I'm trying to parse the main (last in the dom tree)
<table>
in this website: "https://aips.um.si/PredmetiBP5/Main.asp?Mode=prg&Zavod=77&Jezik=&Nac=1&Nivo=P&Prg=1571&Let=1" Im using the Htmlagilitypack and writing code in C# on a wpf application in visual studio 17.
Right now im using this code:
iso = Encoding.GetEncoding("windows-1250");
web = new HtmlWeb()
{
AutoDetectEncoding = false,
OverrideEncoding = iso,
};
//http = https://aips.um.si/PredmetiBP5/Main.asp?Mode=prg&Zavod=77&Jezik=&Nac=1&Nivo=P&Prg=1571&Let=1
string http = formatLetnikLink(l.Attributes["onclick"].Value).ToString();
var htmlProgDoc = web.Load(http);
string s = htmlProgDoc.ParsedText;
htmlprogDoc.ParsedText correctly includes all the rows that are supposed to be in the last table (I had this for debugging, just incase the watch window was broken or something... idk...)
I tried to first get all the tables on the tables on the website. And realized that there are 6
<table></table>
tags on it, even tho you visualy see only one. After debuggign for a couple of hours, i realized that the last main table, is the last
<table>
in the dom tree, and that the parser parsing fully all the
<tr>
tags that the table has.
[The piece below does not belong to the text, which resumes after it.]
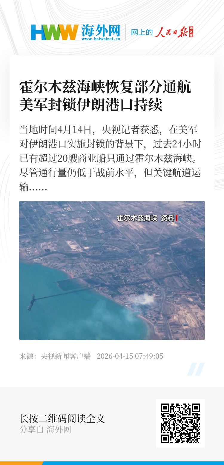 当地时间4月14日,央视记者获悉,在美军对伊朗港口实施封锁的背景下,过去24小时已有超过20艘商业船只通过霍尔木兹海峡。尽管通行量仍低于战前水平,但关键航道运输出现恢复迹象。(央视记者 刘骁骞)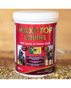 De aminozuren in Maxi-Top Equine zijn van plantaardige oorsprong en worden gewonnen uit Erwteneiwitisolaat, geëxtrudeerde sojabonen. Dit zijn plantaardige bronnen. Maxi-Top bevat belangrijke aminozuren waaronder: L-Cysteine, L-Threonine, Methionine, L-Valine, L-Isoleucine, L-Leucine. Overige aminozuren die zijn toegevoegd zijn: Alanine, Arginine, Asparaginezuur, Glutaminezuur, Glucine, Histidine, Isoleucine, Leucine, Lysine, Phenulalanine, Proline, Serine, Threonine, Tyrosine, Valine, Custeine, Cysine, Methionine, Tryptofaan.

This is the problem, I need all the tr tags.
var tables = htmlProgDoc.DocumentNode.SelectNodes("//table");
There are 6 times
<table></table>
tags, as expected, and everyone of them is fully parsed, including all their rows and columns, except the last one, in the last one it only parses the first two rows and then the parser apears to append a
</table>
by its self, I also tried using the direct xpath selector, copy-ed from firefox: "/html/body/div/center[2]/font/font/font/table", instead of "//table" which found the correct table, but the table also contained only the first 2 rows
var theTableINeed = tables.Last();
//contains the correct table which I need, but with only the first two rows
The Html on that page is malformed. One possible workaround is stripping the code for last table and parse it as a document.
var client = new WebClient();
string html = client.DownloadString(url);
int lastTableOpen = html.LastIndexOf("<table");
int lastTableClose = html.LastIndexOf("</table");
string lastTable = html.Substring(lastTableOpen, lastTableClose - lastTableOpen + 8);
Then use HtmlAgilityPack:
var table = new HtmlDocument();
table.LoadHtml(lastTable);
foreach (var row in table.DocumentNode.SelectNodes("//table//tr"))
{
Console.WriteLine(row.ToString());
}
But I don't know if there are problems in the table itself.